[PROBLEM TO SOLVE] Every line of the material needs an exact copy, apart from the images.

[COLLECTED DATA]
* * *
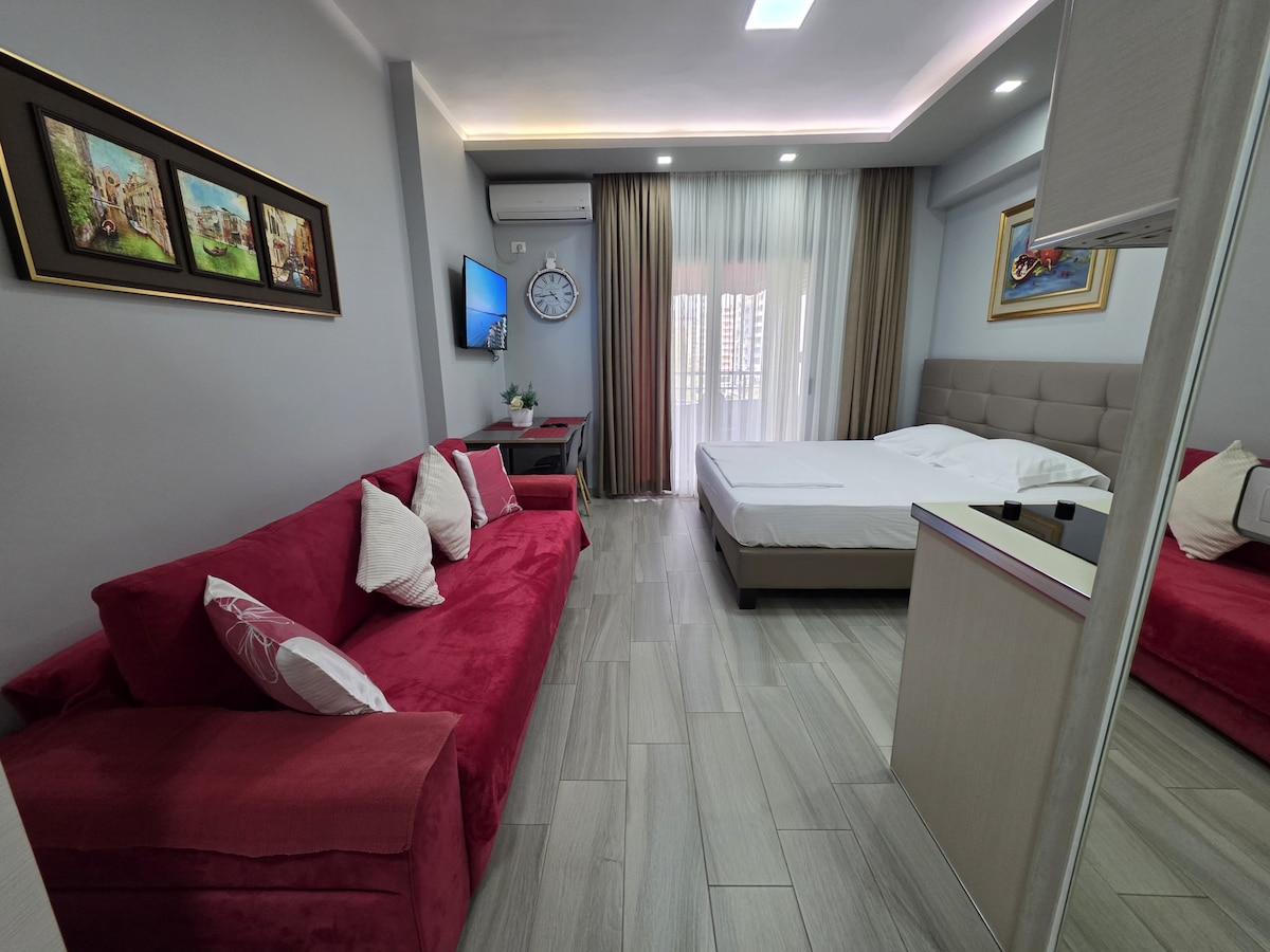 Welcome to the Lord Byron Boutique Studio, your serene escape in the heart of Vlorë. Located steps from the Petro Marko Theater and overlooking a peaceful city park, this elegant studio is perfect for couples, a group/family of three, solo travelers, or digital nomads seeking charm, comfort, and convenience. Designed with care, the space combines classic charm with modern comfort—featuring a queen-size bed, a cozy sitting area, and a fully equipped kitchen, ideally located to enjoy Vlore.
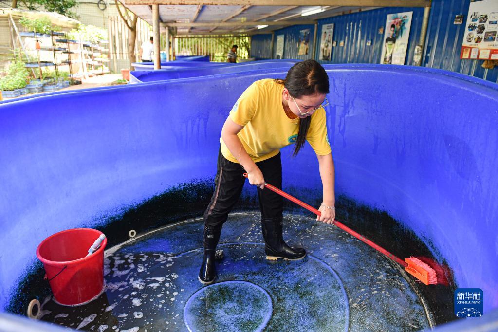 8月27日,志愿者兰甜在海龟救助站洗刷龟池。对女生来说,翻入龟池中刷洗并更换海水是件费力的事,每清洁一个龟池并护理一只海龟,至少需要半个小时。新华社记者 蒲晓旭 摄
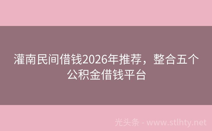 灌南民间借钱2026年推荐,整合五个公积金借钱平台
* * *
[ANSWER SPACE]
 Welcome to the Lord Byron Boutique Studio, your serene escape in the heart of Vlorë. Located steps from the Petro Marko Theater and overlooking a peaceful city park, this elegant studio is perfect for couples, a group/family of three, solo travelers, or digital nomads seeking charm, comfort, and convenience. Designed with care, the space combines classic charm with modern comfort—featuring a queen-size bed, a cozy sitting area, and a fully equipped kitchen, ideally located to enjoy Vlore.
 8月27日,志愿者兰甜在海龟救助站洗刷龟池。对女生来说,翻入龟池中刷洗并更换海水是件费力的事,每清洁一个龟池并护理一只海龟,至少需要半个小时。新华社记者 蒲晓旭 摄
 灌南民间借钱2026年推荐,整合五个公积金借钱平台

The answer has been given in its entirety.